PURPOSE: Irradiation >30 kGy is required to achieve sterility against bacterial and viral pathogens in ACL allograft sterilization. However, doses >20 kGy substantially reduce the structural properties of soft-tissue grafts. Fractionation of irradiation doses is a standard procedure in oncology to reduce tissue damage but has not been applied in tissue graft sterilization. METHODS: Forty-four human 10-mm wide bone-patellar-tendon-bone grafts were randomized into four groups of sterilization with (1) 34 kGy of ebeam (2) 34 kGy gamma (3) 34 kGy fractionated ebeam, and (4) non sterilized controls. Graft´s biomechanical properties were evaluated at time zero. Biomechanical properties were analyzed during cyclic and load-to-failure testing. RESULTS: Fractionation of ebeam irradiation resulted in significantly higher failure loads (1,327 ± 305) than with one-time ebeam irradiation (1,024 ± 204; P = 0.008). Compared to gamma irradiation, significantly lower strain (2.9 ± 1.5 vs. 4.6 ± 2.0; P = 0.008) and smaller cyclic elongation response (0.3 ± 0.2 vs. 0.6 ± 0.4; P = 0.05), as well as higher failure loads (1,327 ± 305 vs. 827 ± 209; P = 0.001), were found. Compared to non-irradiated BPTB grafts, no significant differences were found for any of the biomechanical parameters. Non-irradiated controls had significantly lower cyclic elongation response and higher failure loads than ebeam and gamma irradiation.
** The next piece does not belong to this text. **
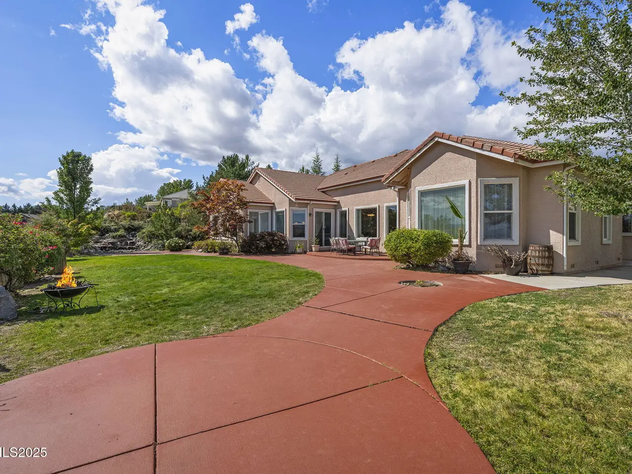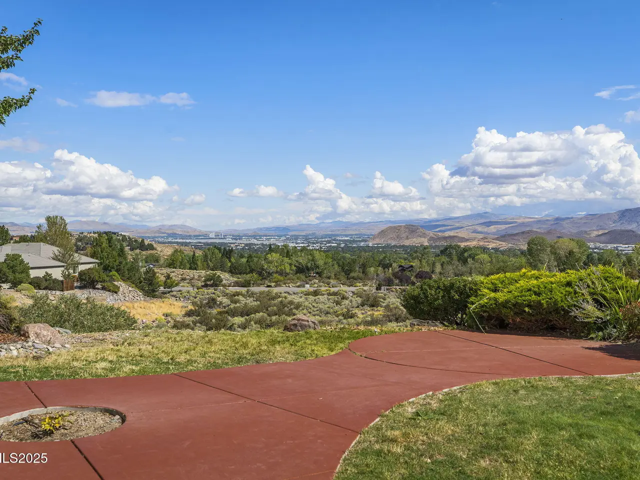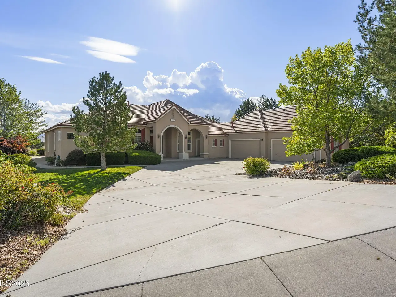 Experience elevated living in this elegant single-story home perched in the desirable Southwest Reno foothills in the prestigious community of Southwest Vistas. Perfectly situated on a spacious lot, this property offers unobstructed panoramic views of the surrounding mountains, valleys, and sweeping Nevada skies—creating a serene backdrop for everyday life. Close to top rated schools, major shopping and quick access to Mt. Rose. From the moment you arrive, the circular driveway and stately covered entry welcome you inside to soaring ceilings, architectural columns, and a bright, open floor plan designed for both comfort and style. The formal living area features expansive windows framing breathtaking vistas, a cozy gas fireplace, and an effortless flow into the dining space—ideal for hosting gatherings or enjoying quiet evenings in. The open kitchen is both functional and inviting, with a center island breakfast bar, abundant cabinetry, double ovens, and a walk-in pantry. It seamlessly connects to casual dining and family spaces, making it the heart of the home. Retreat to the luxurious primary suite, where picture windows capture the views and the spa-like bath features a soaking tub framed by columns, dual vanities, and a generous walk-in closet. Additional bedrooms are spacious and private, perfect for family, guests, or a home office. Step outside to your own slice of Nevada beauty. Expansive patios and walking paths meander through mature landscaping and natural rock features, offering multiple spaces to relax, entertain, or simply take in the fresh mountain air. Whether you're sipping morning coffee while watching the sunrise or hosting sunset dinners, the views will never disappoint. Located in a tranquil, established neighborhood with easy access to hiking trails, golf, shopping, dining, and top-rated schools, this home blends privacy, comfort, and convenience. With its timeless design, generous living spaces, and unmatched scenery, 5350 N Elk River Road is more than just a home—it's a lifestyle.

CONCLUSIONS: In this study, it was found that fractionation of high-dose electron beam irradiation facilitated a significant improvement of viscoelastic and structural properties of BPTB grafts compared to ebeam and gamma irradiation alone, while maintaining levels of non-irradiated controls. Therefore, this technique might pose an important alternative to common methods for sterilization of soft-tissue allografts.